The combined effects of public spending cuts and higher taxes, notably the January rise in Vat, will lead to 725,000 public sector jobs losses and an eye-catching 900,000 in the private sector.

He would concede that he has been too gloomy about unemployment so far, expecting something closer to normal recessionary labour market behaviour and a rise in unemployment to over 3m. As it is, while the prediction of 1.6m job losses grabbed the headlines, he also expects that the rest of the private sector will generate enough jobs over the course of the parliament to offset these reductions - which I agree with - though it may not do so in 2011 and 2012.

That is the question. Ian Harwood, chief economist at Evolution Securities, thinks the economic growth pattern of this year, when the strength of the upturn has beaten expectations, will be repeated in 2011. Most other economists remain more downbeat, however, and the very latest labour market statistics have had a slightly softer tone.

History tells us that the early phase of a recovery is when employment growth is most fragile. That is because there is slack to use up within organisations following the recession, and because employers are typically cautious about hiring.

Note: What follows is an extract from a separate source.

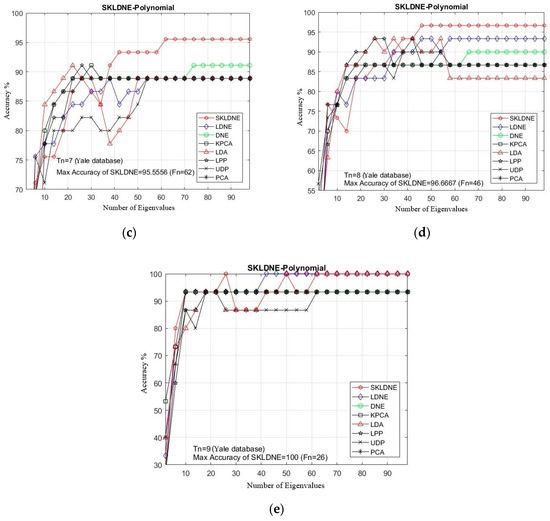 Table 2 shows that the SKLDNE method achieved the highest accuracy in 100% of implementations in the Yale Database. In Figure 5a–e, the comparative classification accuracies are plotted for each given Tn (training number) in each dataset through changing the dimensionality of the transformation matrix. As is shown, the recognition rate of each technique increased promptly till the dimensionality was almost 40, and then it stabilized. It can be observed in Table 2 that SKLDNE was implemented more efficiently than others among a wide variety of dimensionality in the Yale Face database. Meanwhile, the best implementation of SKLDNE was achieved at a smaller dimension value in most of training numbers for each data set compared to LDNE. Moreover, differences in the classification between SKLDNE and other methods are very clear, especially when training number was small, for instance, Tn = 1, 2. For training number 7, SKLDNE yielded an improvement of around 4.5% compared with DNE, LPP, LDA, and KPCA, and 6.6% in comparison with LDNE, UDP, and PCA respectively. For training number 9, both SKLDNE and LDNE gained 100% accuracy, while accuracies in other methods with the same training number were much lower. In order to explain the superiority of the proposed method, our SKLDNE first mapped the data in the kernel space to capture the substantial extracted data and then both geometrical and discriminant information of the data were taken, benefiting from a significant form of the affinity weight matrix to embed the graph. Although LPP, DNE, and LDNE outperforming PCA, KPCA, and UDP demonstrates that the discriminant and local data structure based methods are more suitable for face recognition, our SKLDNE had more nonlinear data representation, locality preservation, and discriminating power than other methods, and consequently achieved the best recognition accuracy. Therefore, based on the mentioned characteristics of SKLDNE, it can be concluded that our SKLDNE can overcome the “SSS,” “out-of-sample,” and “overlearning” problems.

So in the early 1980s the trough in employment was a full two years after the economy’s low point. In the early 1990s the lag was shorter, exactly a year. From 1991 to 1998 700,000 public sector jobs were lost but overall employment grew relatively strongly.

We are now four quarters into the economic recovery, so on the early 1990s’ model should be on a sustained upward path for employment. Certainly the summer saw a big rise in private sector jobs, the biggest since records began in 1971. If it is the 1980s all over again, however, 2011 could yet be difficult, the recent employment rise being a false dawn.

We will know quite soon. The job market performed a minor miracle during the recession. It would be another one if we get through the winter without some rise in unemployment. If it is a relatively modest rise, which I would expect, the damage would be limited. Anything much bigger and the government would find itself in a sticky patch.